La maresía matutina de mi playa de Las Canteras, a causa de las mareas del Pino, intenta despertar mis sentidos adormecidos. Esta reclusión larga y necesaria unida a esta soledad me está pasando factura. Percibo en sueños aquel olor de los membrillos, comprados en el kiosko de la Puntilla, a la orilla de la playa; los gritos de los chiquillos jugando al clavo y a la pelota y hasta sufro aquel desconsuelo cuando viene el guardia a quitarnos los juegos. Nos queda la alegría de tirarnos al mar para sebar las olas como delfines, juguetones y libres. La caricia del agua fresca… la arena tibia…el abrazo de los míos.

Noto aquellos aromas lejanos entre estas cuatro paredes y el bucio me regala el sonido del mar que no puedo ver, ni oír, desde aquí. 

Suena el dulce sonido de mi móvil: Noche, luminosa y clara, tibia y perfumada llena de armonía…

Me despierto.

— Abuelo, hoy por fin, ya puedo ir a verte. ¿Me llevas a la playa? 

Familia: Suárez Vera-Vera Montilla


 

Una parte de mí.

Recuerdo con claridad nuestros primeros encuentros, desde el primer momento conquistaste todos mis sentidos con naturalidad. He recorrido todos tus rincones, te he vivido de mil maneras y a tu abrigo he forjado grandes amistades. Ahora te añoro pero te siento, eres parte de mí.

Playa de Las Canteras, desde mi ventana te imagino a través de unas gaviotas que te sobrevuelan, te veo con tu piel erizada con la brisa del amanecer, reflejando el pasar de las nubes o dorando tus charcos en el ocaso con tu aroma de bajamar. Sola, como cuando no tenías nombre, tan viva como entonces. Salvaje, libre y pura. Tan solo a la luna sometida, que te llena y vacía a su antojo.
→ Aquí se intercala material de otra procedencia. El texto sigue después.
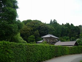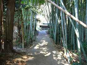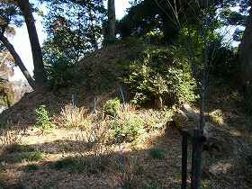 | (以前の記述)酒造城は、東金城の出城の1つで、酒井氏の家臣、古川民部小輔の居館と伝えられる。千葉東金道路のすぐ南側の台地上の先端部に位置する単郭の居館で、敷地内は、円蔵寺と墓地になっている。写真は入り口から円蔵寺を見たところだが、道の両脇は空堀になっている。また、寺の裏側は、墓地を隔てて、幅6m、深さ3mの空堀が取り巻いている。 | |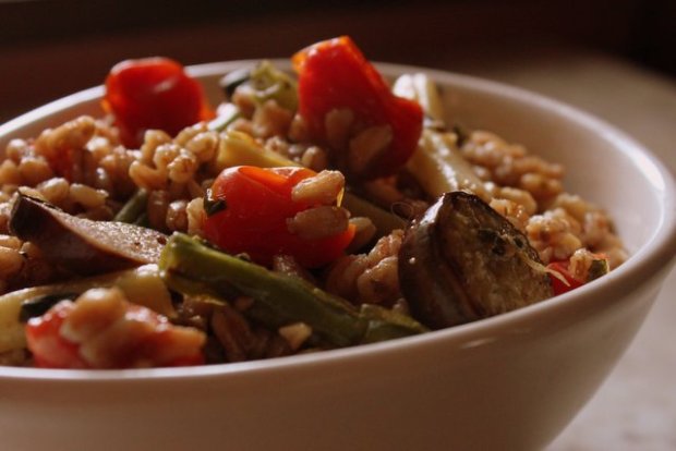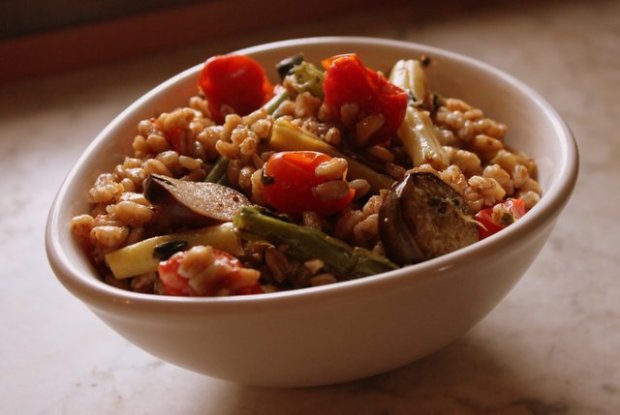 farro, eggplant and roasted cherry tomato salad with almond pesto
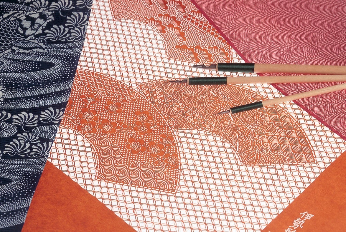 伊勢形紙は、柄や文様を着物の生地に染めるために用いるもので、千年余りの歴史を有します。柿渋を用いて和紙を貼り合わせた紙に、細かい刃先の彫刻刀で着物の文様等を丹念に彫り抜いたものです。1983年(昭和58年)4月27日から経済産業大臣指定の伝統的工芸品に指定されています。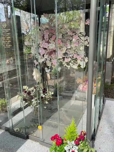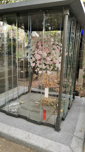 🪦Sépulture funéraire avec des vitres et des fausses branches de cerisiers roses.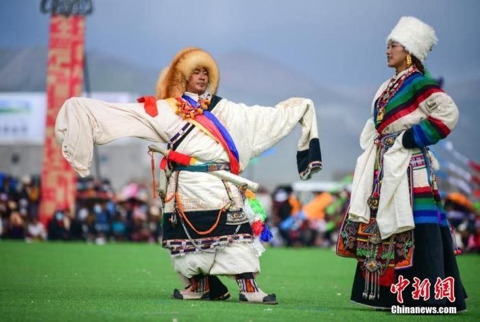 資料圖為西藏自治區(qū)拉薩市當(dāng)雄縣賽馬節(jié)上的藏族傳統(tǒng)服飾表演。 中新社記者 貢嘎來(lái)松 攝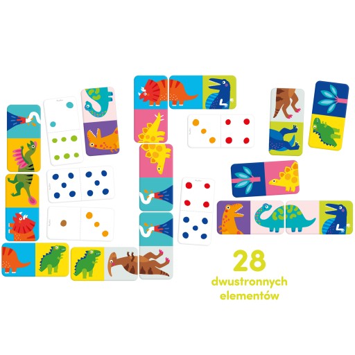 Grr, grr, dinozaury zapraszają do wspólnej zabawy! Edukacyjny zestaw zawiera 28 dużych dwustronnych elementów. Umożliwia wiele wszechstronnie rozwijających zabaw: można bawić się nimi jak układanką lub zagrać w obrazkowe lub klasyczne domino. To doskonały pomysł na pierwszą grę dla maluchów i grę rodzinną.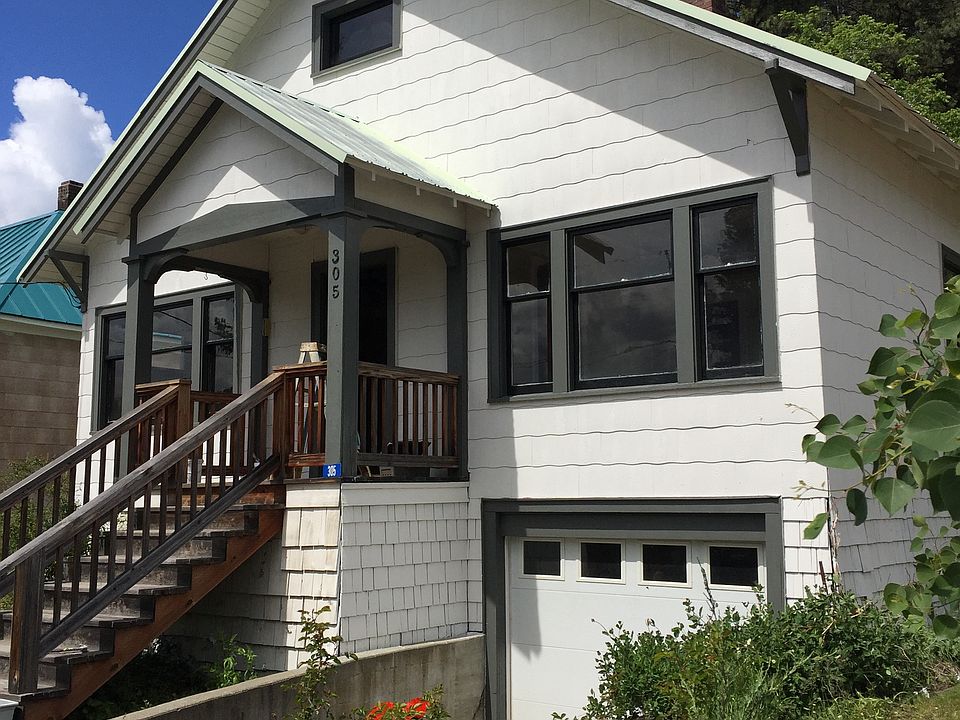 Large 2 bedroom, 1 bath home on the edge of the Roslyn Urban Forest. Great period details -- wall sconces, oak floors, high ceilings, claw foot tub. Unfinished basement with good ceiling height, garage. Fenced back yard.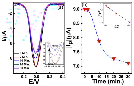 (a) Differential pulse voltammogram (in the reverse scan) of the SAMs of ds-DNA on Ni/Au after t = 0 min, 2 min, 10 min, 20 min and 30 min of γ- radiation, (b) the absolute peak current “|IP|” extracted from (a) is plotted as a function of time. (The experiment was performed with 50 mM KCl and 2 mM K4[Fe (CN)6]/K3[Fe (CN)6] in a phosphate buffer solution at pH = 7.2. The volume of the electrolytes taken was 2 μL. (The dash-dotted line is a B-spline interpolation of the measured data points and is a guide to the eye only). The inset in (b) shows the linear fit of IP0/IP vs. log(t). IP0 (absolute value) represents the peak current at t = 0 min, and IP represents the peak current of samples with a different time span of radiation exposure. Note that the sample area and the volume of electrolyte were kept fixed for all the samples.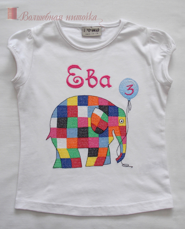 Вот такая футболка получилась для маленькой любительницы слона Элмера....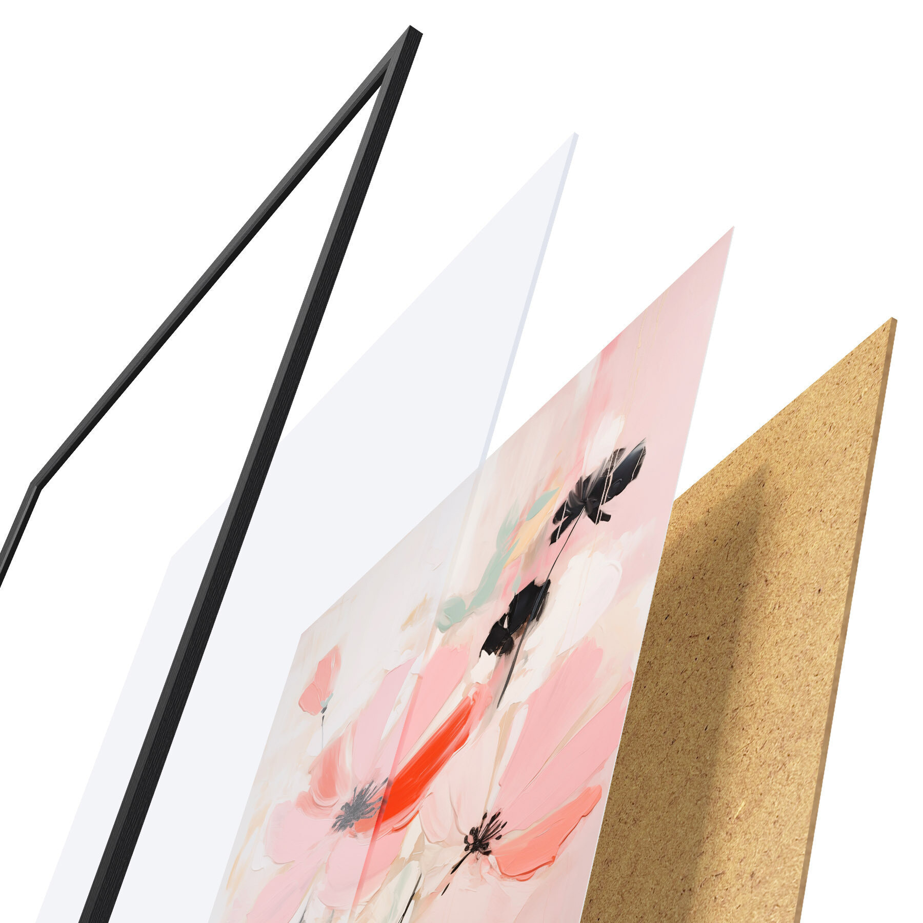 Poster Rosa und schwarze Blumen mit Blättern, sanfte Pastellfarben, abstraktes Blumenarrangement, minimalistische Kunst Nr d01004
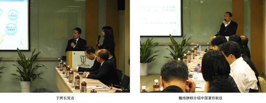 于所長(zhǎng)對(duì)日本知識(shí)產(chǎn)權(quán)協(xié)會(huì)及研修班成員的到來(lái)表示歡迎,并向大家簡(jiǎn)要介紹了集佳概況。之后,應(yīng)日本知識(shí)產(chǎn)權(quán)協(xié)會(huì)的邀請(qǐng),由集佳資深知識(shí)產(chǎn)權(quán)律師魏煒結(jié)合典型案例,為研修班成員系統(tǒng)介紹了中國(guó)著作權(quán)法的相關(guān)內(nèi)容。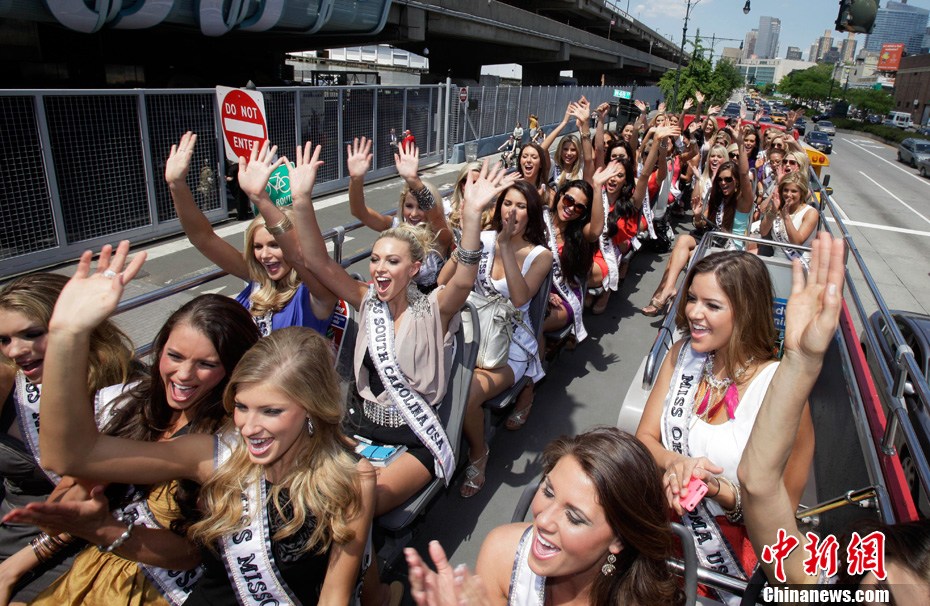 2011年5月25日,美國小姐參賽者游覽紐約,眾美女一同出行形成一道亮麗的風景線。她們將于6月19號在拉斯維加斯參加“美國小姐”的選美比賽。

Mecida por el vaivén de las olas, que con su embate peinan tu orilla día tras día.

Horacio Hernández

“Mamá”

Seudónimo: Mar

Todavía recuerdo como papá me subía a sus hombros para que pudiera asomar mi nariz al interior de las barcas que reposaban en La Puntilla. Soñaba que de mayor tendría una e iría a pescar fulas y sargos junto a él mientras tirábamos las migas de pan que habían sobrado de los bocadillos del Ñoño.

Sin embargo, caprichos de la vida, la realidad era bien distinta. Sentados cada uno en su silla con los pies en remojo mientras le ponía por tercera vez crema en sus cachetes pelados y le recolocaba el sombrero de Arehucas para protegerlo.

El Alzheimer se lo iba llevando poco a poco. Ya comenzaba a desorientarse pero yo le agarraba la mano y le miraba de reojo para contemplar cómo sus ojos brillaban y se movían al ritmo del oleaje mientras bajaba el sol vislumbrando los vestigios del Teide.

Y de repente balbuceó en susurros un -“Mamá…”- Suspiré. Sabía que nuestra playa de Las Canteras nos recordaría que cuando se perdiera, miraríamos al fondo y sentiríamos con seguridad que el Norte estaría fijo ahí a lo lejos y que seguía guiándonos.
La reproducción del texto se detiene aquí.